The Digital Businesss Channel for Cannabis, Crypto and Technology Stocks.

Midas Letter is provided as a source of information only, and is in no way to be construed as investment advice. James West, the author and publisher of the Midas Letter, is not authorized to provide investor advice, and provides this information only to readers who are interested in knowing what he is investing in and how he reaches such decisions.

Investing in emerging public companies involves a high degree of risk and investors in such companies could lose all their money. Always consult a duly accredited investment professional in your jurisdiction prior to making any investment decision.

Midas Letter occasionally accepts fees for advertising and sponsorship from public companies featured on this site. James West and/or Midas Letter may also receive compensation from companies affiliated with companies featured on this site. James West and/or Midas Letter also invests in companies on this site and so readers should view all information on this site as biased.

Wikileaf Technologies Inc (CNSX:WIKI) Founder & CEO Dan Nelson joins Midas Letter to introduce company. Wikileaf is a price comparison platform for recreational and medicinal cannabis consumers. It provides consumers with instant price comparison among dispensaries in their immediate vicinity. Based out of Seattle, Washington, they are currently in 25 states plus Canada. Dan discusses price sensitivity in the market and elaborates on consumer buyer behaviour, with shoppers purchasing by price, quality and convenience. He shares some of the most popular strains at the moment, both high in THC, and low CBD, and discusses competing with the black market.

Transcript

James West: Dan Nelson joins me now. He’s the founder and CEO of WikiLeaf Technologies. Dan, welcome.

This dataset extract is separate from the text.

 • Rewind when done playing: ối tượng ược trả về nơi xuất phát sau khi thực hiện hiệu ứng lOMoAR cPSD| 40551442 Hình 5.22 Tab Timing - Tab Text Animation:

Dan Nelson: Thanks for having me.

James West: You bet. Dan, quick overview: what does WikiLeaf Technologies do?

Dan Nelson: Well, WikiLeaf is the first price comparison vehicle in the legal cannabis industry. We launched in 2014, and we now have a little over a million users on the site, shopping for dispensaries, and we’ve got just about 4,500 dispensaries on the platform showcasing their inventory and their prices for consumers to shop by.

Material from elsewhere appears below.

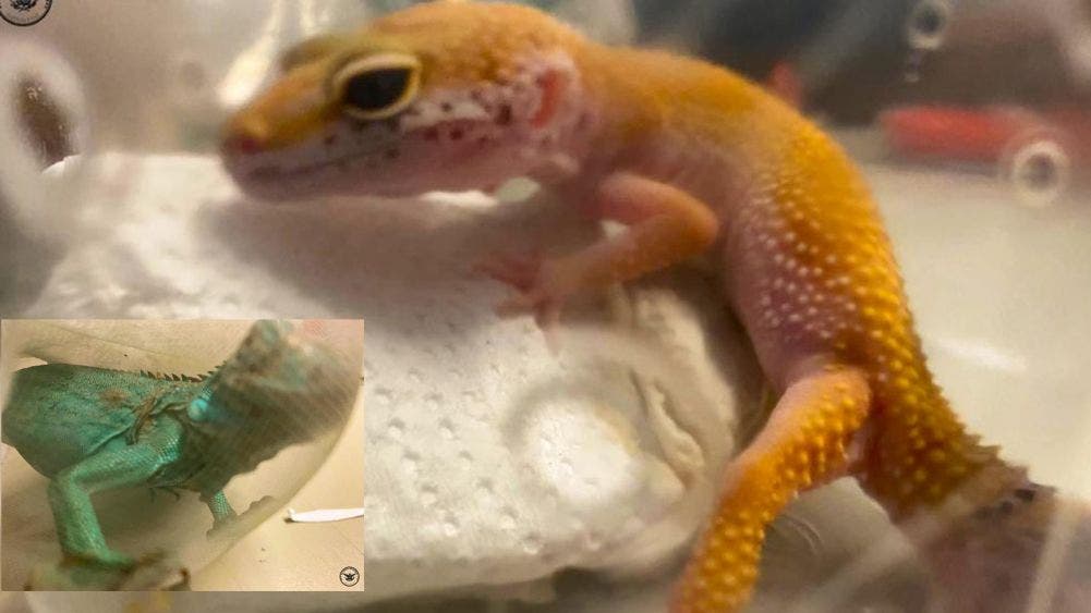 En uno de los envíos decomisado llevaban dos gecko leopardo (es un pequeño y afable lagarto, uno de los más sencillos de mantener en cautividad) y el segundo decomiso, una iguana; en el momento no contaban con la documentación requerida para acreditar su procedencia y traslado.

James West: Wow, and I see when you pull up the site, it immediately gives you the municipality in which you’re loading up the site from.

Dan Nelson: Yes, that’s correct. Yeah, it’s location-sensitive, so it immediately pulls up your location, throws you into your immediate market, and you get to kind of see the landscape of where you are, which dispensaries are in your area, and how they’re charging, or how they’re pricing their product.

James West: Sure. Now, in that, we’ve just heard from StatsCan that they say somewhere over 80 percent on the rec side in Canada is still black market. Do you cover black market sources, or just legitimate sources?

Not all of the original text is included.